While he worked on the marble bust, Bernini also created two identical bronze casts of the bust. These are currently on display in the Musée Jacquemart-André in Paris, France, and in the Carnegie Museum of Art in Pittsburgh, Pennsylvania, USA. It is generally believed that the two bronze busts were created as replicas, but recent studies seem to show that the bronze bust in Paris was a first specimen, chiselled by Bernini, and destined for a leading Roman collector.

==Provenance==
The bust was only rediscovered as an authentic work by Bernini in the 1980s. It had been in the hands of an English nobleman, and then an antiques dealer, before being recognised as a Bernini by Nicholas Meinertzhagen, a dealer in antiquarian books.

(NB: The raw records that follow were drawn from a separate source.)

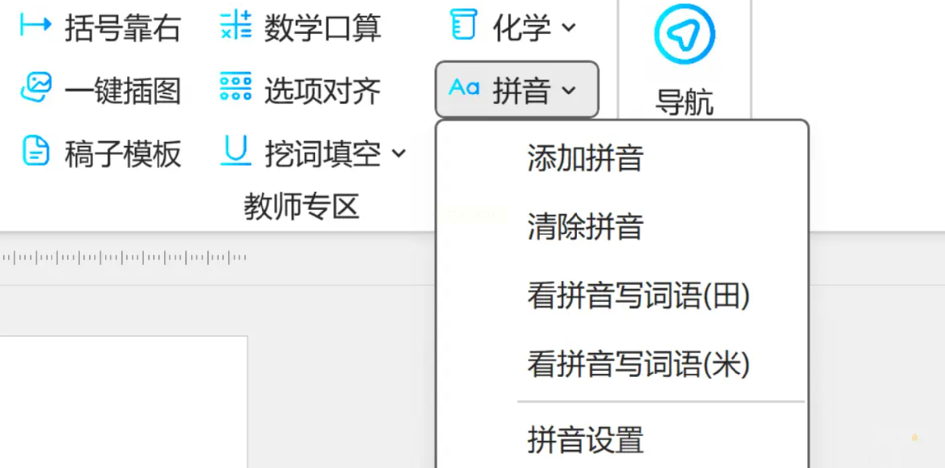 2. 选中文本后,点击插件按钮,即可一键为选中文字添加拼音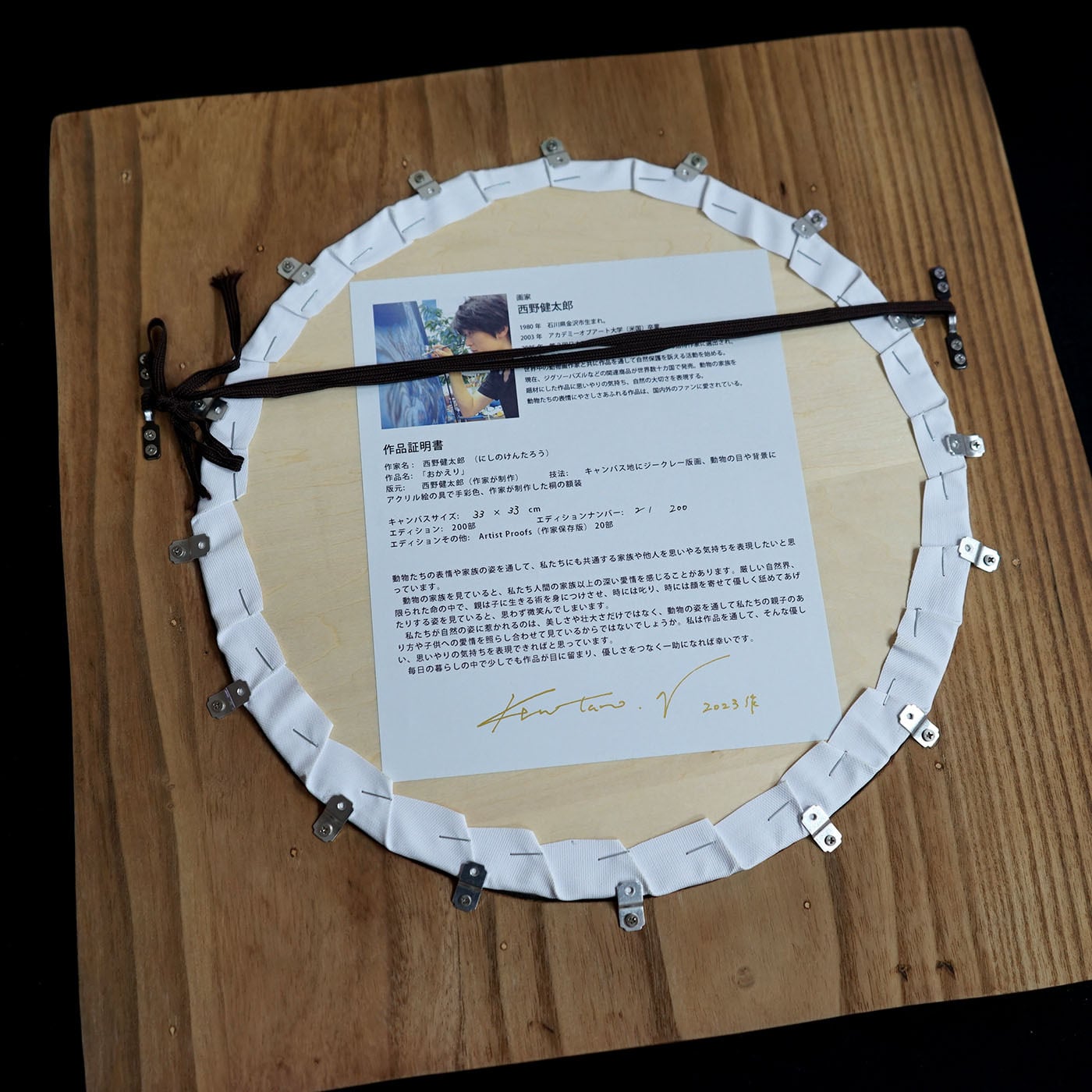 画家自らが原画を元に限定部数で複製したキャンバスに、動物の目や背景に直筆、絵の具で光や色を手描き加えます。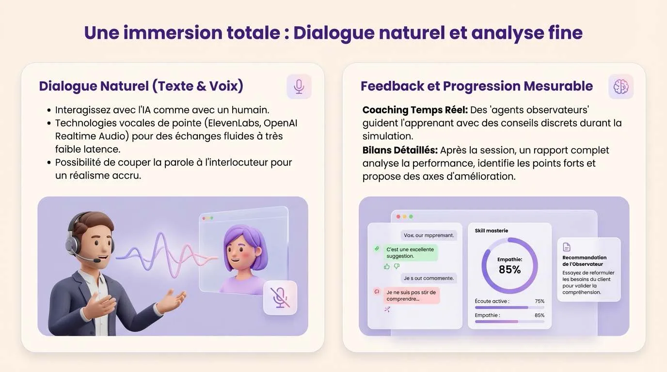 Des simulations IA réalistes en texte ou voix pour s’entraîner comme dans le réel.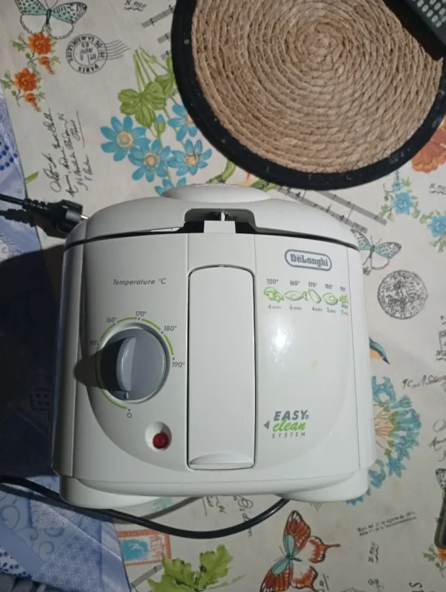 Detalles del productoFreidora eléctrica DeLonghi en color blanco, modelo Easy Clean System. Permite ajustar la temperatura.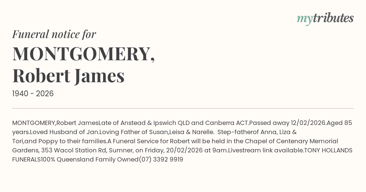 Late of Anstead & Ipswich QLD and Canberra ACT.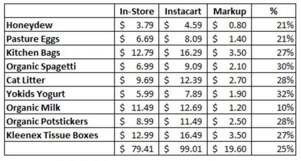 在Instacart购物要平均多支付25%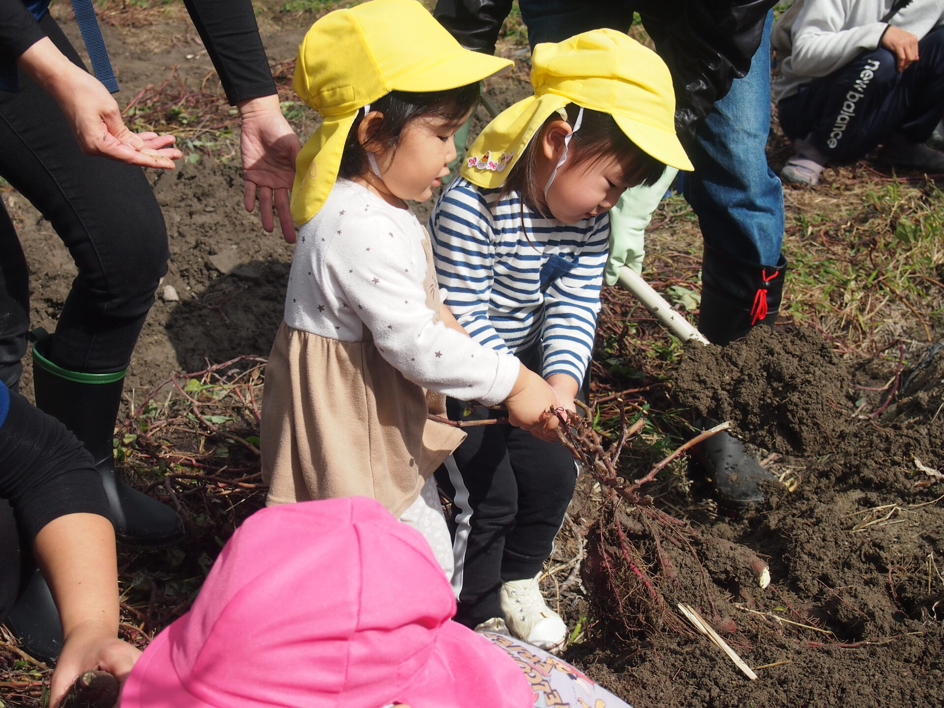 掘り起こした土の中から、子ども達がさつま芋を見つけたり、ツルを引っぱたりして収穫していきました(⌒∇⌒)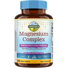 Terranics Magnesium Complex Broad Spectrum Formula Optimal Absorption – 1 Bottle of 240 Veggie Capsules, 2 Capsules per serving – Product Overview Supports bone, and heart health*Promotes occasional relaxation of mind & body*Features 5 premium forms of magnesium for optimal bioavailabilityTerranics Magnesium Complex is a highly bioavailable formula..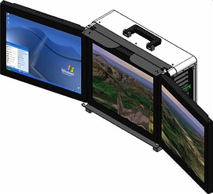 Вот такой красавец MaxPac за 17т. долларов, производящий впечатление чемодана с оттенком милитаризации. В общем-то, цена не столь уж велика на сегодня. Внутри все таки 2 Xeon'a стоят, да и три 19-дюймовых матрицы никак не для дешевых решенийы. И напичкана тачка всем чем душе угодно.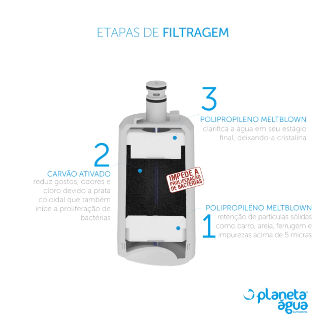 - Retém barro, areia, ferrugem e outras partículas acima de 5 micras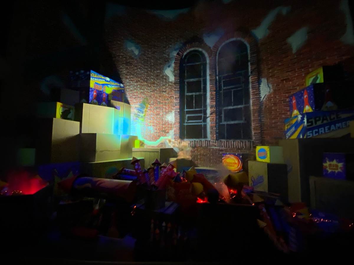 Snowball, other characters, and Guests then find themselves in a fireworks facility with Snowball strapping himself to one as he flies across the room.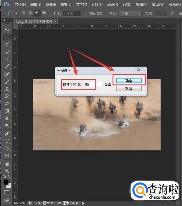 输入【取样半径】(取样半径根据图片像素而定,如果不确定请输入一个数值后观察半径大小再自行进行增减调整),然后点击【确定】
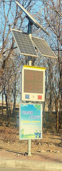 在外环光荣道和大明道之间,路边有一张“请勿逆行”的交通安全电子卡,上面有两块太阳能电子板,靠收集太阳能为电子卡供电。走近电子牌,可以听到它在循环播放“开电动自行车请戴头盔”的口号。近日,记者在现场看到,一名男子驾驶电动自行车经过这里,没有戴头盔。前面的交通指示灯变成了红灯。他停下来等灯。听到电子卡播放的提示后,他向前走,拿起放在篮子里的头盔,戴在头上...记者从市公安局北辰分局了解到,外环线、韩家墅市场、津霸公路等交通部门。 20 这种太阳能交通安全电子牌安装在交通违章相对集中的道路上,经过一段时间的运行,取得了一定的效果。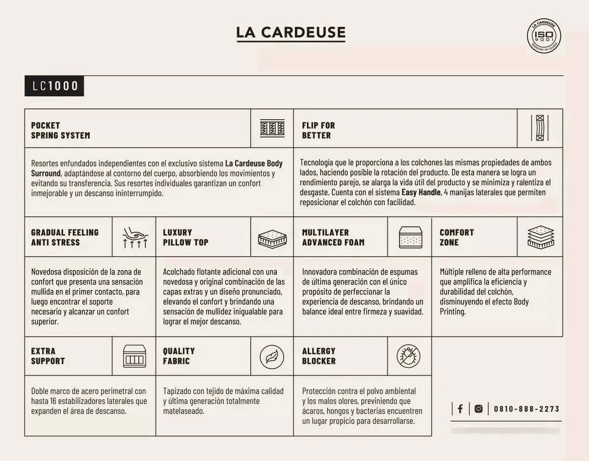 Este colchón es la gama más alta y más completa en resortes individuales. Hasta 1000 resortes de acero templado de máxima elasticidad envueltos de forma individual le otorgaran una amortiguación perfecta logrando un placentero descanso sin interrupciones. Cuenta con el sistema La Cardeuse Body Surround el cual permite que el colchón se adapte al contorno del cuerpo absorbiendo al máximo la transferencia de movimientos.

Meinertzhagen, who had purchased the bust around 1978 for £240, managed to sell it on at a price of £132,000. The next buyer, Norman Leitman, managed to achieve a much higher price when he sold it via the auctioneers Sotheby's to Canadian collectors Joey and Toby Tanenbaum in 1983 for £2.78 million—the price had risen dramatically after art historian Irving Lavin had commented that "In my opinion the bust is not only the original, it is wholly autograph (i.e. by the master's own hand) and one of the most perfect and important of Bernini's early works." The Tanenbaums then donated the piece to the Art Gallery of Ontario; however, the circumstances of the donation are not entirely clear. The Tanenbaums had tried to sell the piece at a 1990 Christie's auction for more than US$7 million—while bids at the auction reached US$6 million, the auction failed to reach the expected target and the bust was withdrawn from that sale.